A voz é o instrumento primordial do político - um verdadeiro instrumento de poder - e o seu domínio é indispensável à transmissão eficaz da mensagem. Manuel Alegre admite que as características da sua voz, trabalhada nos anos em que integrou o Teatro dos Estudantes da Universidade de Coimbra (TEUC) com "o grande professor Paulo Quintela", o ajudaram na actividade política, iniciada nas assembleias gerais de estudantes. "Mas uma pessoa é um todo, e a oratória é um dom que está tanto ligado à voz como à língua", acrescenta o ex-candidato à Presidência da República, que cita o poeta irlandês William Butler Yeats ao dizer "um discurso prepara-se como um poema".
Já Adelino Gomes, jornalista com carreira na rádio, televisão e jornais, realça que, para além da voz e do domínio da técnica que é indispensável a qualquer comunicador - político, actor ou locutor -, o mais importante de tudo é "ter alguma coisa para dizer". E lembra o caso histórico de Vitorino Nemésio com o seu sempre muito apreciado programa de televisão. "Ele não tinha presença física, nem voz, nem performance a ajudar.
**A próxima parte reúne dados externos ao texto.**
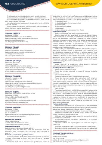 452 / JUDE%u021aUL IA%u0218I WWW.GHIDULPRIMARIILOR.ROProfilarea drumului: strada Salc%u00e2mului %u2013 strada CodruluiProfilarea drumului: strada Tineretului %u2013 strada Prim%u0103veriiAchizi%u021bionarea unui teren %u00een vederea construirii unei s%u0103li de sport pentru %u0218coala ChicereaAchizi%u021bionarea unei autospeciale de pompieri pentru SVSU al Comunei Tome%u0219tiSolu%u021bionarea problemelor privind dreptul de proprietate %u00een zonele Comtom %u2013 cartierul de blocuriCOMUNA TRIFE%u015eTICod po%u0219tal: 707520Telefon: 0232-298033; Fax: 0232-298033; Adresa de e-mail: contact@primariatrifestiiasi.roprimaria_trifesti@yahoo.comURL: https://primariatrifestiiasi.ro/COMUNA %u0162IBANACod po%u0219tal: 707530Telefon: 0232-325900, ; Fax: 0232-325900; Adresa de e-mail: primar@primariatibana.rosecretar@primariatibana.roURL: www.primariatibana.roCOMUNA %u0162IB%u0102NE%u015eTIAdres%u0103: str. PrincipalaCod po%u0219tal: 707545Telefon: 0232-326400; Fax: 0232-326269; Adresa de e-mail: primaria_tibanesti@yahoo.comcontact@primariatibanesti.roURL: www.primariatibanesti.roCOMUNA %u0162IG%u0102NA%u015eIAdres%u0103: Principal%u0103, nr. 162Cod po%u0219tal: 707555Telefon: 0232- 299072; Fax: 0232-299072; Adresa de e-mail: primaria_com_tiganasi@yahoo.comcontact@primariatiganasi.roURL: http://www.primariatiganasi.ro/COMUNA %u0162U%u0162ORAAdres%u0103: str. Inv. Dumitru Sima Setraru, nr. 45Cod po%u0219tal: 707560Telefon: 0332-428.173,0232-298777; Fax: 0232-298811; Adresa de e-mail: primariatutora@yahoo.comURL: http://www.primariatutora.roCOMUNA UNGHENICod po%u0219tal: 707566Telefon: 0232-295333; Fax: 0232-295333; Adresa de e-mail: primariaungheniiasi@yahoo.comURL: www.comunaungheni.roPersoane din primarie:Primar: Iulian MarcuSecretar General: Juverdeanu GeluContabil: R%u0103duianu Cristina MihaelaSate %u00een administra%u021bie:Bosia, Ungheni, M%u00e2nz%u0103te%u015fti, Coada St%u00e2nciiSuprafa%u021ba:%u00a0 4614 ha; Intravilan:%u00a0 3744 ha; Extravilan:%u00a0 4416 ha; Popula%u021bia:%u00a0 4451; Gospod%u0103rii:%u00a0 1253; Locuin%u021be:%u00a0 1410; Gr%u0103dini%u021be:%u00a0 3; %u0218coli:%u00a04; Activitati economice si specifice zonei:Av%u00e2nd o pondere de 81,8% a terenurilor agricole, %u00een comuna Ungheni principalele activit%u0103%u021bi sunt agricultura %u0219i cre%u0219terea animalelorDac%u0103 ar fi s%u0103 facem o clasificare din punctul de vedere al activit%u0103%u021bilor cu cel mai mare profit, pentru anul 2021, pe primul loc se afl%u0103 lucr%u0103rile de construc%u021bii, urmate de transporturi rutiere de m%u0103rfuri, comer%u021bul cu ridicata a fructelor %u0219i legumelor. Produc%u0103tori locali:I.I. Galb%u0103u Bogdan (ferm%u0103 zootehnic%u0103)Produse locale:Fructe, legume, cerealeMe%u0219te%u0219ugari:Andrie%u0219 Cristian %u0219i Andrie%u0219 Valentin - fierariObiective turistice:Biserica %u201cSf Nicolae%u201d, sat Bosia, monument istoricBiserica parohial%u0103 din satul Bosia cu hramul Sf%u00e2ntul Nicolae a fost construit%u0103 %u00een anul 1858, cu cheltuiala arenda%u015fului grec al mo%u015fiei, Ilie Paminian. Legendele povestesc c%u0103 acest arenda%u015f, nepl%u0103tind c%u00e2%u0163iva ani arenda mo%u015fiei, a fost obligat de administra%u0163ia m%u0103n%u0103stirii Sf. Sava s%u0103 fac%u0103 o biseric%u0103 pe mo%u015fie, %u00een schimbul sumelor de bani datorate, - %u015fi a%u015fa arenda%u015ful ar fi zidit aceast%u0103 biseric%u0103. Deasupra u%u015fii de intrare se afl%u0103 pisania, %u00een grece%u015fte, care atest%u0103 ctitorul %u015fi anul construirii. Podul Eiffel, pod metalic de cale ferat%u0103 %u00een localitatea Ungheni, peste Prut, se afl%u0103 %u015fi ast%u0103zi %u00een exploatare, fiind traversat zilnic de trenurile de pasageri %u015fi de m%u0103rfuri ce asigur%u0103 leg%u0103tura %u00eentre Rom%u00e2nia %u015fi Republica Moldova. A fost construit dup%u0103 proiectul arhitectului francez Gustave Eiffel. Podul este cunoscut %u0219i sub denumirea Podul de flori , nume %u00eemprumutat de la ac%u021biunile intreprinse %u00eencep%u00e2nd cu anii 90, pe ambele maluri ale Prutului, c%u00e2nd fontiera a putut fi traversat%u0103 f%u0103r%u0103 acteEvenimente:Zilele comunei: 8 Noiembrie, c%u00e2nd Biserica ortodox%u0103 pr%u0103znuie%u0219te Sfin%u021bii Arhangheli Mihail %u0219i GavrilFacilit%u00e3%u0163i oferite investitorilor:Re%u0163ea alimentare ap%u0103 potabil%u0103Re%u0163ea de energie electric%u0103 ce acoper%u0103 integral teritoriul comuneiServicii de salubritateRe%u021bea de telecomunica%u021bii %u00een toate satele comuneiRe%u021bea de iluminat stradal bine dezvoltat%u0103 UAT Ungheni se afl%u0103 la doar 21 de kilometri de ora%u0219ul Ia%u0219i, f%u0103c%u00e2nd parte din zona metropolitan%u0103, comuna ofer%u0103 condi%u021bii foarte bune pentru investi%u021bii, posibilit%u0103%u021bi de concesionare terenuri, oportunit%u0103%u021bi de afaceri asem%u0103n%u0103toare Ia%u0219ului %u0219i avantajul unor impozite %u0219i taxe reduse fa%u021b%u0103 de ora%u0219.Oportunit%u0103%u021biPoten%u021bialul agricol ofer%u0103 posibili%u021b%u0103%u021bi de dezvoltare a sistemului microfermelor %u00een domeniul cre%u0219terii animalelor, viticulturii sau pomiculturii. Dezvoltarea apiculturii, este, de asemenea, posibil%u0103, %u00een zon%u0103 exist%u00e2nd, deja apicultori, amplasa%u021bi pe l%u00e2ng%u0103 suprafe%u021bele %u00eemp%u0103durite. Exist%u0103, de asemenea, posibilit%u0103%u021bi de dezvoltare a industriei mici %u0219i de artizanat %u2013 prelucrarea l%u00e2nii, ol%u0103rit, mor%u0103rit %u0219i panifica%u021bie, prelucrarea pieilor, conserve din legume %u0219i fructe dup%u0103 re%u021bete tradi%u021bionaleProiecte de investi%u0163ii:Reabilitarea %u0219i modernizarea infrastructurii rutiere afectate de fenomene hidrometeorologice periculoase din comuna Ungheni, jude%u021bul Ia%u0219i%u2013 satele M%u00e2nz%u0103te%u0219ti %u0219i Coada St%u00e2ncii (finalizat)Modernizare drumuri de interes local %u00een comuna UngheniReabilitare,
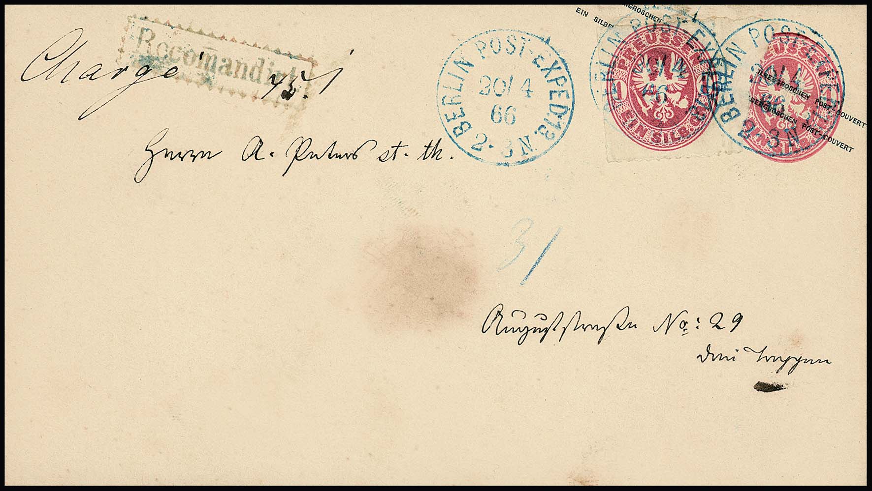 1 Sgr. rosa, perfektes Exemplar auf Ganzsache 1 Sgr. rosa, als Orts-Einschreibebrief aus Berlin 1866

Mas ultrapassava tudo isso pela riqueza e inteligência do que tinha para comunicar."
No caso do rei Jorge VI, não se tratava apenas daquilo que ele tinha para comunicar, mas de o poder fazer, com toda a carga simbólica que a voz do Rei assumia em Inglaterra, principalmente na era da rádio e em tempo de guerra. O jornalista do Telegraph Nigel Farndale recorda uma cena do filme autobiográfico de John Boorman, Esperança e Glória (1987), cuja acção decorre em Londres sob os bombardeamentos da Luftwaffe, em que uma família ouve, com atenção tensa, a mensagem de Natal do Rei. No final, alguém comenta que, se ele estava a recuperar da sua gaguez, também o povo inglês conseguiria vencer a guerra.
O Discurso do Rei chega hoje a 35 salas do país. Continuará a ser o filme de que se vai falar até à cerimónia de Hollywood, a 27 de Fevereiro. Será que Colin Firth vai gaguejar no palco do Kodak Theatre de Los Angeles, quando, como se prevê, aí subir para receber o Óscar de Melhor Actor?